AIM OF THE EXERCISE
The expected result is a verbatim repetition of the lines from the start of the entries through the line containing "街拍的花色短褲長(cháng)細腿美女", with the pictures removed.

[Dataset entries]
=== Section Start ===

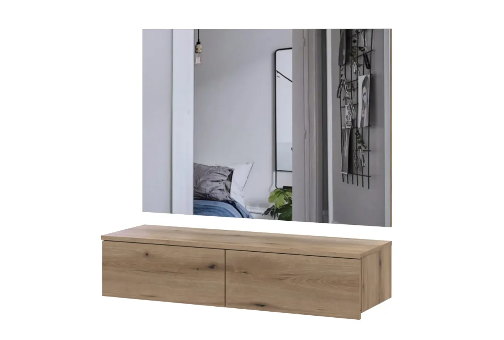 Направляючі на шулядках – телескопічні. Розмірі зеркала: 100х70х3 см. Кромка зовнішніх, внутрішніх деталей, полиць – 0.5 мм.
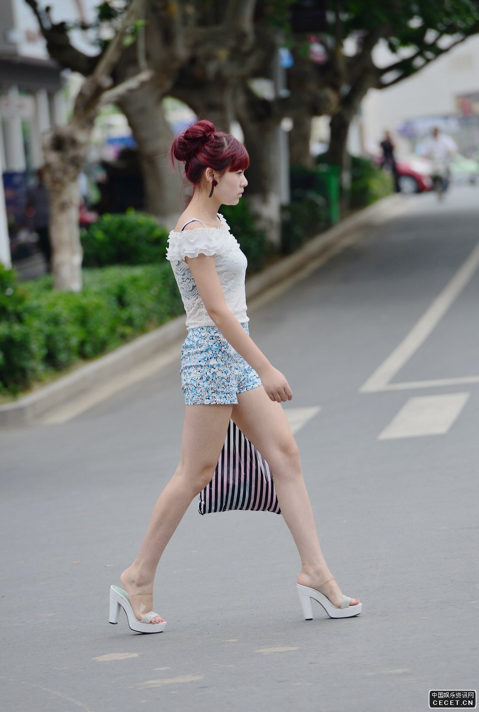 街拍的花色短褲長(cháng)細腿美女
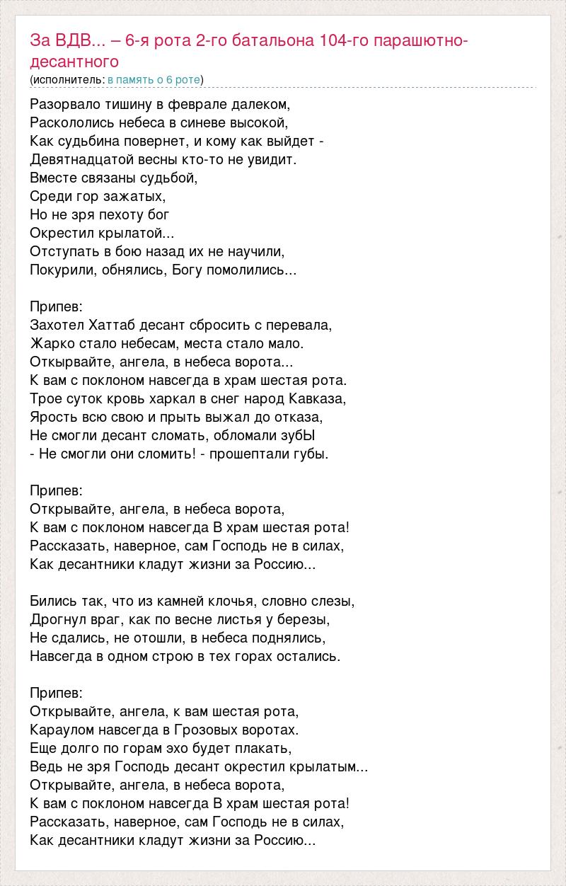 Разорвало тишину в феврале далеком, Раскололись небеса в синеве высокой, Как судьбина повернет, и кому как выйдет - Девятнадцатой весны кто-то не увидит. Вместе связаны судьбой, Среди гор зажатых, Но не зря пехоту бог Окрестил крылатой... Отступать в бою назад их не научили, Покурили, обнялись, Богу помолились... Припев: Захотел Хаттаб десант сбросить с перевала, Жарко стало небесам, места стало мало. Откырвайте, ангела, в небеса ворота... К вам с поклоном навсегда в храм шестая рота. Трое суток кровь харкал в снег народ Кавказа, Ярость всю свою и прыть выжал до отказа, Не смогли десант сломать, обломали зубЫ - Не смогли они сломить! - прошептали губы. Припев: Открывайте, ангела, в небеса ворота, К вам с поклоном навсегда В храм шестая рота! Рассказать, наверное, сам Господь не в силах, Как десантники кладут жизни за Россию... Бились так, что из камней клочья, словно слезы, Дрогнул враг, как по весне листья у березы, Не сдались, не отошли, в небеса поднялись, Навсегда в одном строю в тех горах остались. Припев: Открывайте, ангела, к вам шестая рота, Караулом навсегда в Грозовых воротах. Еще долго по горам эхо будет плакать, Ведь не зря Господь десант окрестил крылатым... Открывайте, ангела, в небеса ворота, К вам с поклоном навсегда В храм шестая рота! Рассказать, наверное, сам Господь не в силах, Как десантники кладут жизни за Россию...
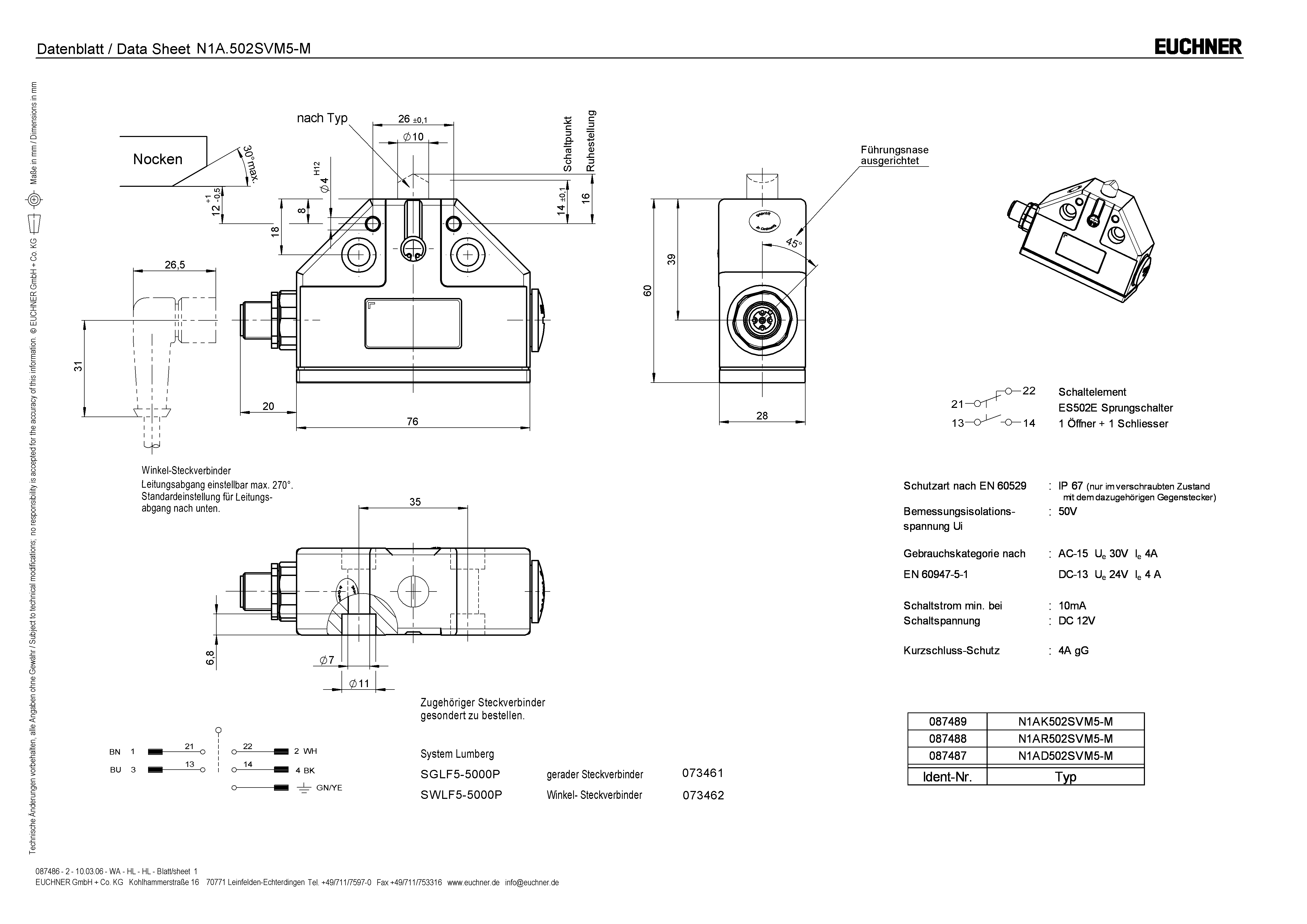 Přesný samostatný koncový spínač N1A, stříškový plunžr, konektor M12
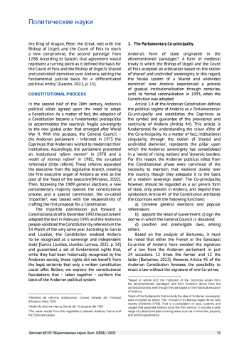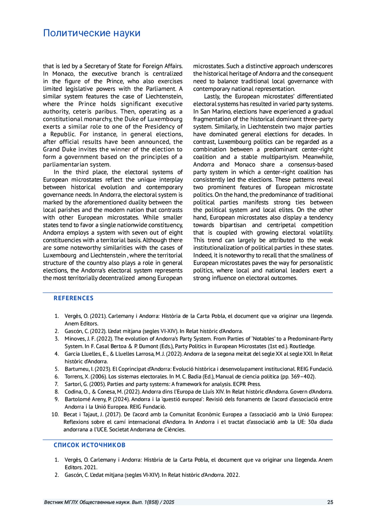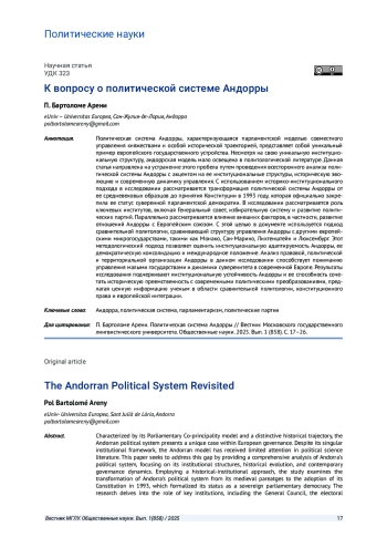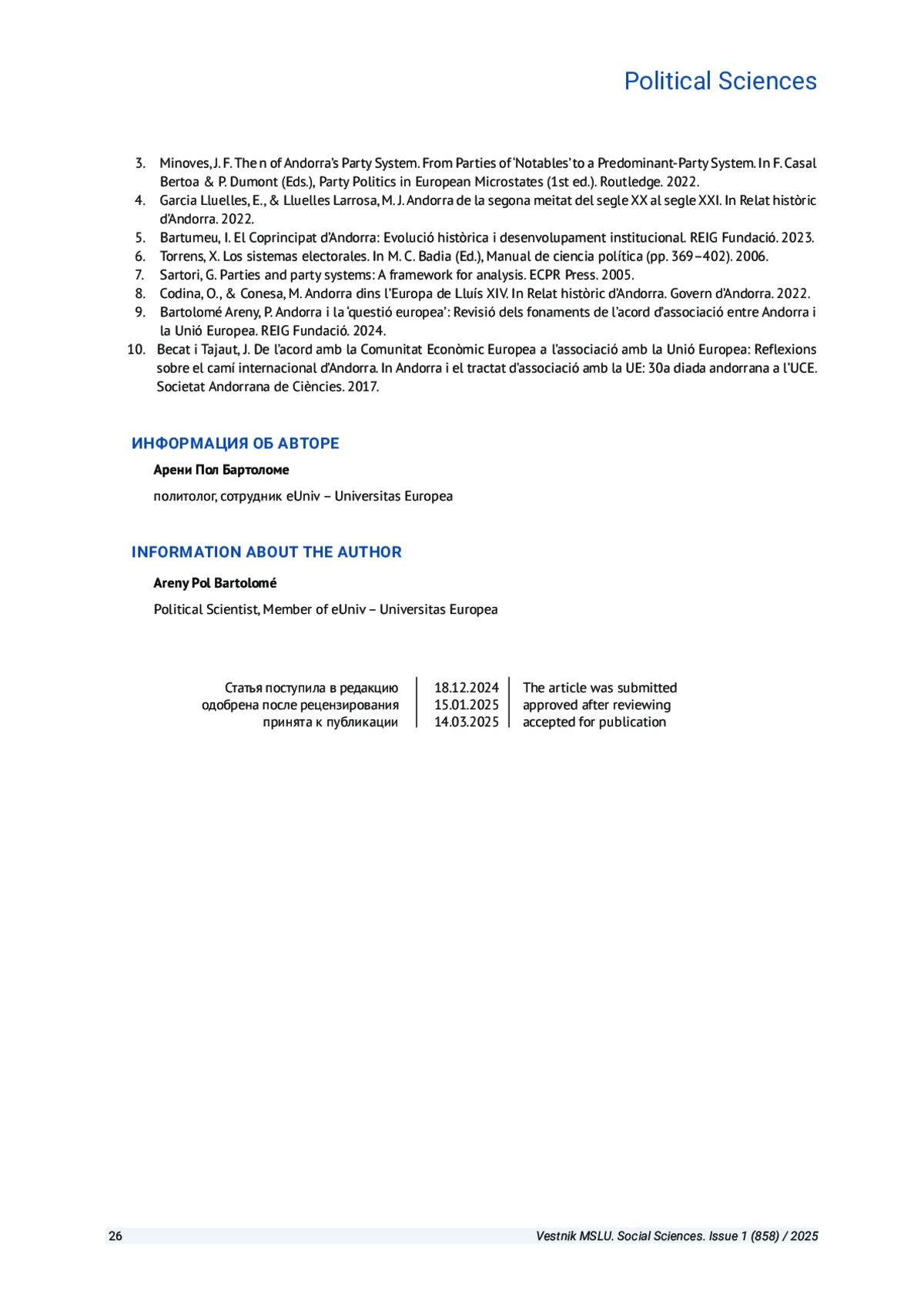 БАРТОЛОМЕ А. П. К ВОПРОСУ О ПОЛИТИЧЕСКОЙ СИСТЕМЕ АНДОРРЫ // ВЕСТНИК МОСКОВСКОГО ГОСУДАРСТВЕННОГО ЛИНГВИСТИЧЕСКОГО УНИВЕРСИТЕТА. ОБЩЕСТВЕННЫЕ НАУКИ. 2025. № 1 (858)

=== Section End ===

WRITTEN ANSWER
 Направляючі на шулядках – телескопічні. Розмірі зеркала: 100х70х3 см. Кромка зовнішніх, внутрішніх деталей, полиць – 0.5 мм.
 街拍的花色短褲長(cháng)細腿美女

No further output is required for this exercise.